Algo determinante fue que en la reunión del pasado 19 de febrero en Washington sobre el proceso de paz y estabilidad en Gaza, Marruecos emergió con contundencia política por el capital diplomático y militar que puede aportar en un terreno donde la interlocución con Israel y la coordinación con Estados Unidos para el desarrollo con éxito del proyecto gazatí resultan determinantes. Marruecos no es el mayor donante en dinero, ni aporta el contingente militar más numeroso a la Fuerza Internacional de Estabilización (ISF) para Gaza, fundamentalmente árabe, pero sí el actor que conecta la seguridad con los principales centros de poder e influencia para la resolución del conflicto. En la organización de la ISF, Marruecos es clave por la interoperabilidad con las Fuerzas de EEUU y también por su experiencia en misiones multinacionales. Marruecos, naturalmente, apoya la iniciativa del presidente estadounidense Donald Trump para la reconstrucción de Gaza y llama al advenimiento de un proceso de paz en Oriente Medio. Por otro lado, su relevancia para manejar la seguridad en la Franja de Gaza se basa en varios puntos fuertes, entre ellos, que es el único país árabe con fuerzas armadas operativas, tiene relaciones diplomáticas plenas con Israel, tras la normalización de 2020, y una alianza estratégica consolidada con Washington.
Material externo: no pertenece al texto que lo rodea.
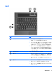 ランプ 名称 (1) 説明 バッテリ ランプ ● オレンジ色:バッテリが充電中です ● 青緑色:バッテリが完全充電時に近い状態です ● オレンジ色で点滅:電源にバッテリのみを使用している状態 で、ロー バッテリ状態になっています。完全なロー バッテ リ状態になると、バッテリ ランプがすばやく点滅し始めます ● 消灯:コンピュータが外部電源に接続されている場合は、コ ンピュータのすべてのバッテリが完全に充電されるとバッテ リ ランプが消灯します。コンピュータが外部電源に接続され ていない場合は、ロー バッテリ状態になるまでランプが消灯 したままになります (2) Caps Lock ランプ 点灯:Caps Lock がオンになっています (3) 無線ランプ ● 青色に点灯:無線ローカル エリア ネットワーク(無線 LAN) デバイス、HP ブロードバンド無線モジュール、Bluetooth®デ バイスなどの内蔵無線デバイスの電源がオンになっています ● オレンジ色に点灯:すべての無線デバイスがオフになってい ます ● 点灯:コンピュータの電源がオンになっています ●
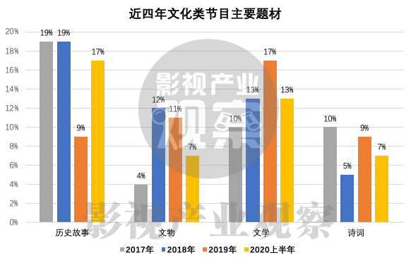 据统计,2020年上半年文化类节目中前三大题材分别是历史故事、文学和地理文化,三者都达到了10%以上;第二梯队为饮食文化、文物、诗词和汉字,均为7%。在这之中,地理文化和饮食文化是新兴的两种题材,《你要去哪儿》《我的城我的歌》《探世界》等对城市乡镇进行探访,《非遗美食》《家宴》等聚焦于中国的传统美食。
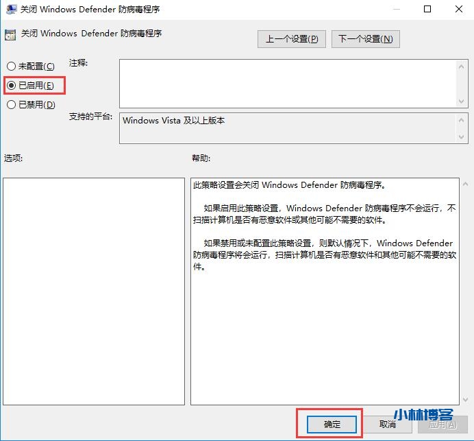第三步:双击打开关闭Windows Defender防病毒程序,然后改为已启用,然后点击确认
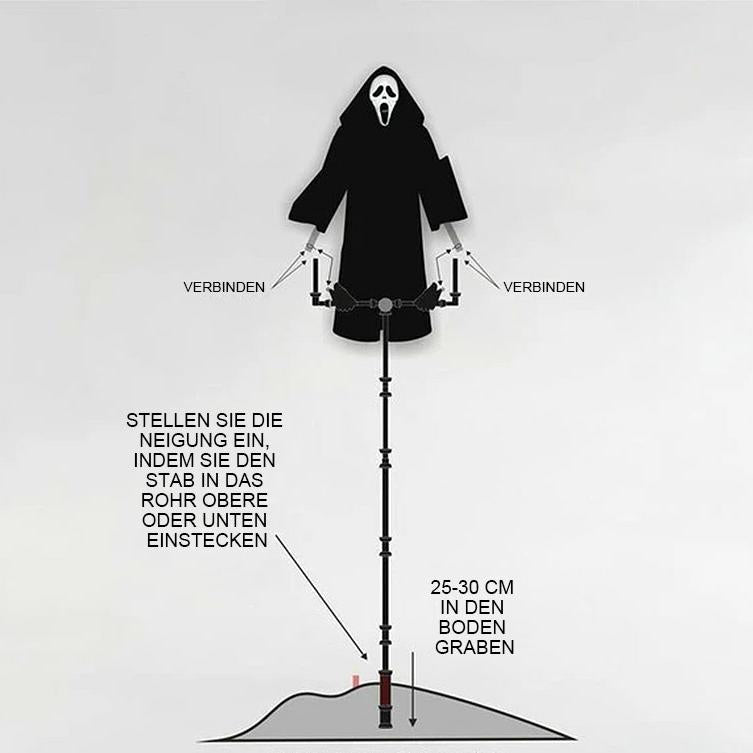 • Diese Vogelscheuche mit Grimasse erschreckt nicht nur die Vögel, sondern auch andere ungebetene Gäste, bis zu 2 Meter hoch.
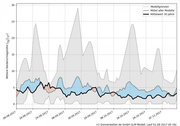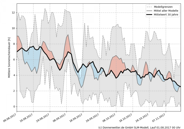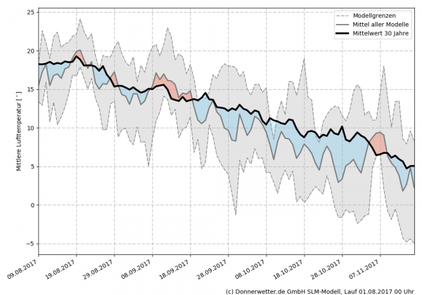 Über weite Strecken zu kühl und zu nass berechnet unser Langfristmodell aktuell den Zeitraum bis Anfang November für den Süden Deutschlands. Immerhin auf die Sonne muss nicht gänzlich verzichtet werden: Vor allem zwischen Ende August und Mitte September sowie im Oktober ist sie auch mal über längere Zeit präsent.
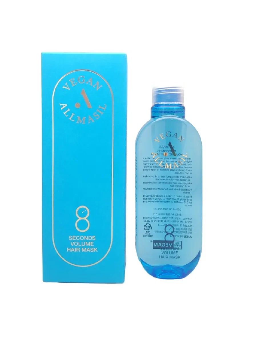 AllMasil. 8 Seconds Volume Hair Mask, 200 ml. A highly concentrated hair mask that turns into a cream when mixed with water and gently envelops hair, adding volume. It restores damaged hair, nourishes, and adds volume. It increases elasticity, making it bouncy and voluminous. It adds shine, softness, and smoothness. Directions: Apply the mask to damp hair after shampooing, distribute evenly over the entire length using rubbing movements, leave on for 8 seconds (it is permissible to leave the mask on for 3-5 minutes for severely damaged hair), and rinse with warm water.
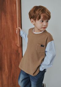 BZ53TS01BG 스트라이프 우븐 배색 베이지 티셔츠
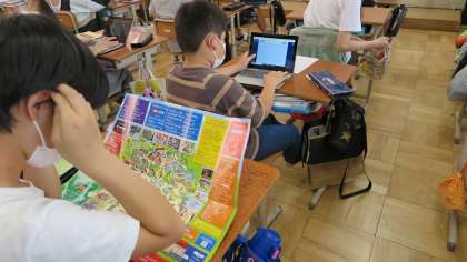 6年生は,先週に行った修学旅行の振返りをしていました。楽しかった思い出を写真や友達との会話で振返り,GIGA端末にまとめる作業をしていました。また,修学旅行で確認した今後の課題についても一人一人がしっかりと考えている様子でした。学校での最高学年としての活躍に期待しています。
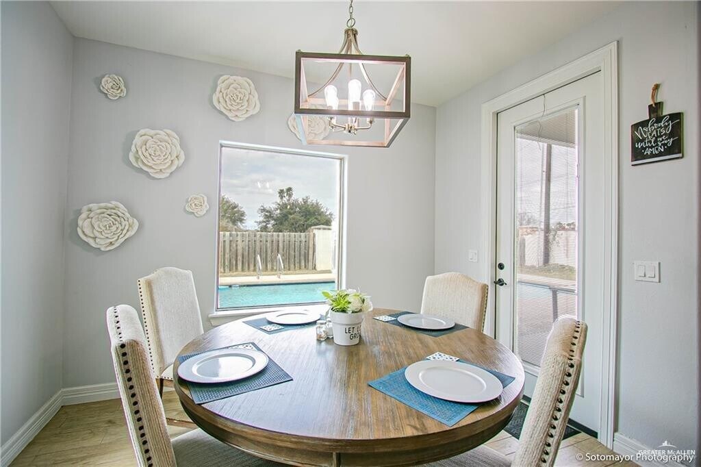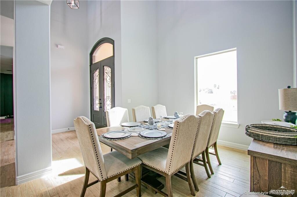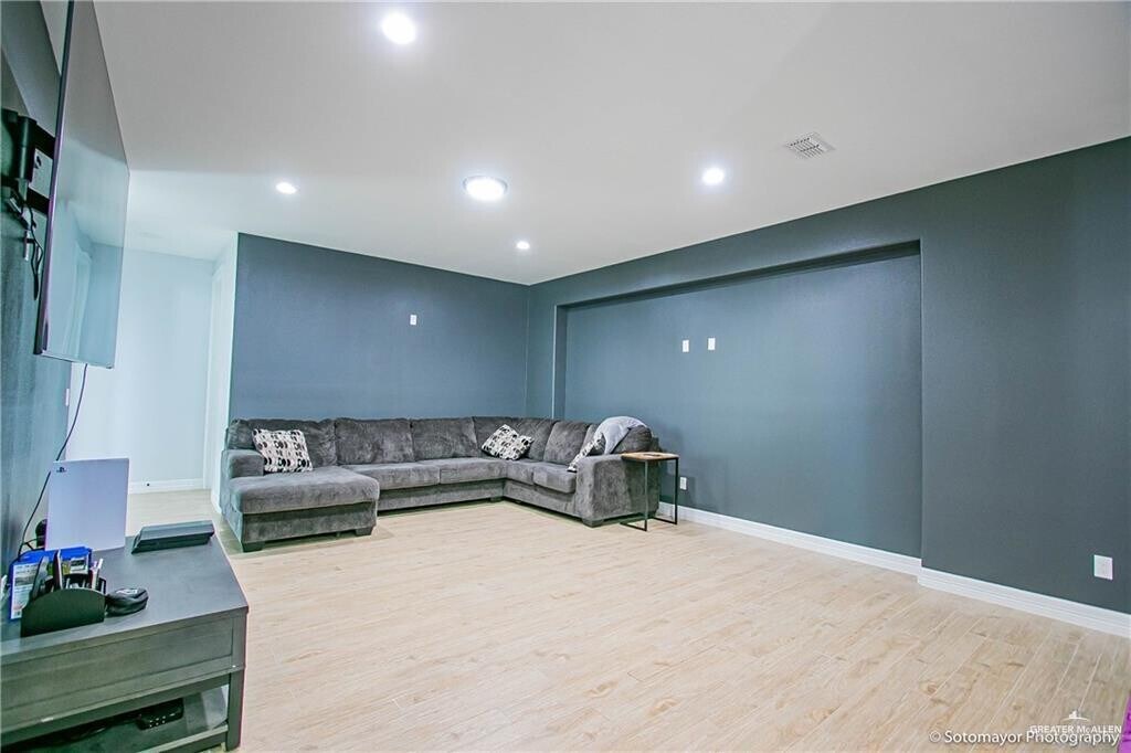 Stunning custom-built stucco home with a beautiful clay tile roof located in the highly desirable Sharyland area. This property features 3 bedrooms,2.5 bathrooms,and an open-concept layout with high-end finishes throughout. The kitchen is designed to impress with quartz countertops,a gas range,gray tile backsplash,pantry,and a traditional wall-mounted pot filler — perfect for cooking enthusiasts. The home offers two spacious living areas,ideal for a TV/movie room,home office,or additional entertaining space. The primary suite is generously sized and includes a double-sink vanity,jetted garden tub,separate shower,walk-in closet,and private toilet area for added comfort. Step outside to a spacious backyard featuring a sparkling pool ready to enjoy all summer long — pool maintenance is included. Call today for more information or to schedule a private showing!
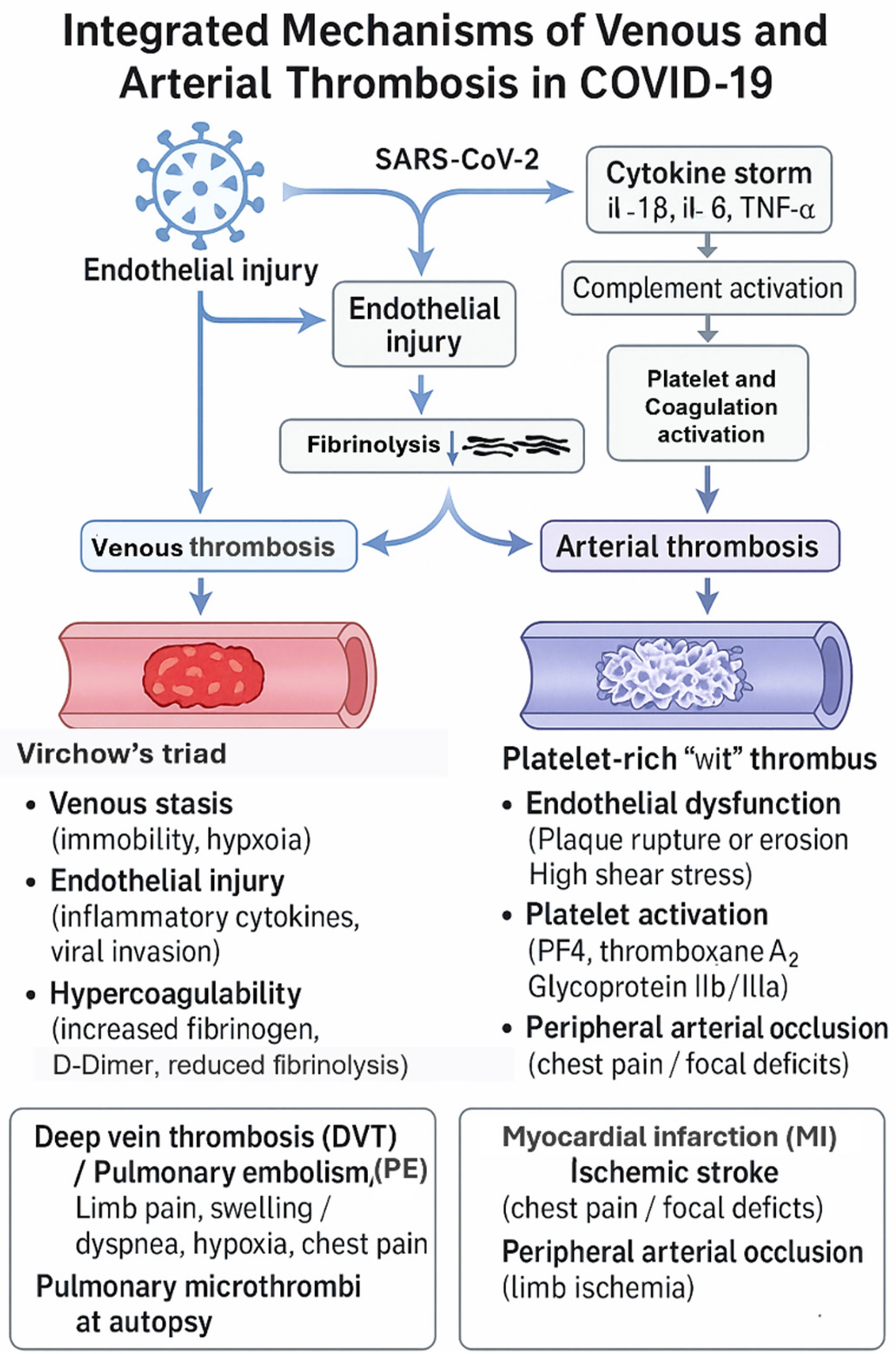 Arterial thrombosis in COVID-19 mainly arises from endothelial dysfunction, platelet hyperreactivity, and inflammation-induced coagulation activation. This virus's direct invasion of endothelial cells causes widespread endothelialitis, which disrupts vascular integrity and leads to increased permeability, decreased nitric oxide production, and the loss of natural anticoagulant properties. The subsequent downregulation of ACE2 results in excess angiotensin II, promoting vasoconstriction, oxidative stress, and further endothelial damage (12).
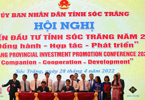 Tại Hội nghị, trước sự chứng kiến của Thủ tướng Chính phủ và lãnh đạo các bộ, ngành Trung ương, UBND tỉnh Sóc Trăng trao 4 quyết định chủ trương đầu tư; ký kết 19 biên bản ghi nhớ nghiên cứu, khảo sát đầu tư, với tổng vốn đầu tư các dự án hơn 200 nghìn tỷ đồng. Tỉnh Sóc Trăng cũng đón nhận sự đóng góp của các doanh nghiệp trong và ngoài tỉnh cho hoạt động an sinh xã hội trên địa bàn, với tổng số tiền trên 50 tỷ đồng. |
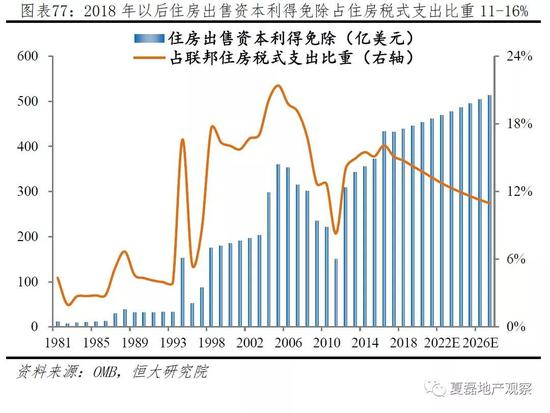 (3)住房出售资本利得免除如果居民在出售住房前的5年内,作为自住主要住房达2年,则最多可免除25万美元联邦资本利得税应税收入,夫妻联合申报为50万美元。该免除每2年至多使用1次。次贷危机之前,住房出售资本利得免除在联邦住房税式支出中的占比一度超过20%(2005年21%),危机后显著下降,2010年以来的比重在15%左右。
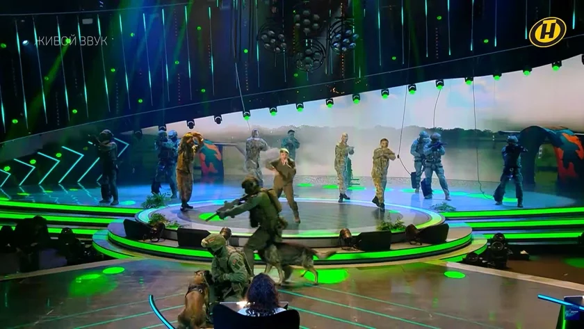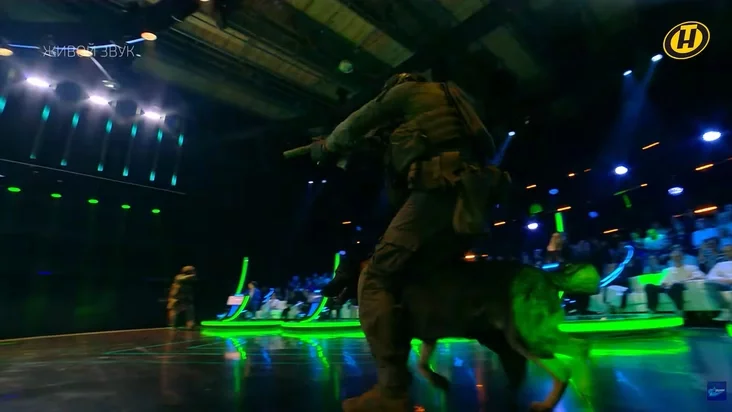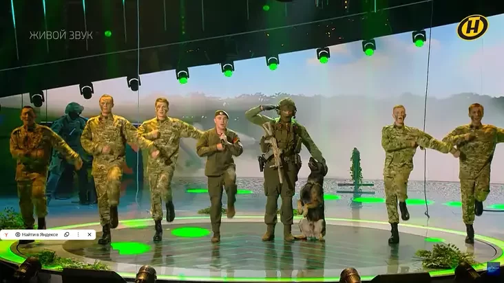 В финале в одном ряду с солистом и подтанцовкой стоял военный с закрытым лицом и овчарка.
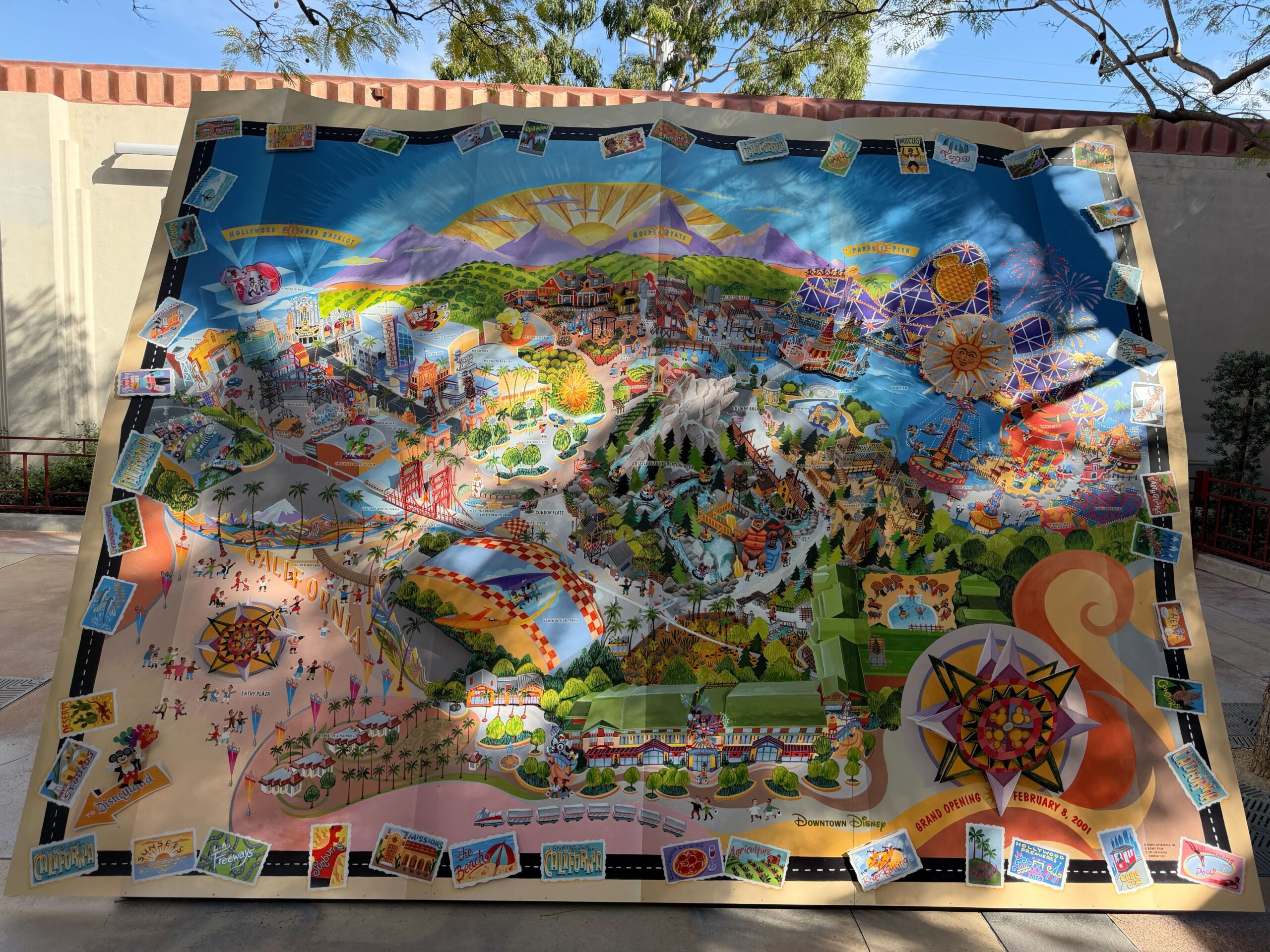 The second photo op is a large map of Disney California Adventure as it used to look when the park first opened. Notable differences include Paradise Pier instead of Pixar Pier and the omission of Cars Land and Avengers Campus. California-themed postcards form a border around the photo op.

Además, la interlocución con el aparato de seguridad israelí no es indirecta ni hostil y la comunicación con el Pentágono y el Departamento de Estado es fluida. En términos prácticos, es un socio árabe no percibido como enemigo por Tel Aviv, aunque sin perder, al menos formalmente, su anclaje en el Comité Al Quds de la Organización para la Cooperación Islámica y la retórica de apoyo a la causa palestina. El respaldo de EEUU al Plan de Autonomía marroquí para el Sáhara Occidental tiene mucho que ver con la postura marroquí en el asunto de Gaza y refuerza la convergencia estratégica entre Rabat y Washington.

Otros actores musulmanes relevantes en la ISF son Pakistán, que aporta legitimidad política en el mundo musulmán, e Indonesia, país con el mayor número de musulmanes, el 13% del total, a nivel mundial. Por otro lado, Egipto y Jordania, que se han mostrado distantes y poco receptivos con la situación en Gaza, tienen experiencia directa en la cuestión palestina y relación con Israel. Sin embargo, su proximidad geográfica y la sensibilidad interna de sus poblaciones hacia los palestinos limitan su margen de maniobra.

Como podemos observar, Marruecos es el actor musulmán mejor posicionado en la ISF y se manifiesta con gran influencia en determinadas áreas, como el Sahel, contando con el apoyo de los Estados Unidos. Tengo que finalizar comparando la retórica vacía del Gobierno español y de algunos partidos políticos con la capacidad real de actuación de Estados Unidos y de Marruecos para solucionar el conflicto en Gaza. «Facta, non verba».

Luis Feliu Bernárdez, es general de brigada (r). Academia de las Ciencias y las Artes Militares.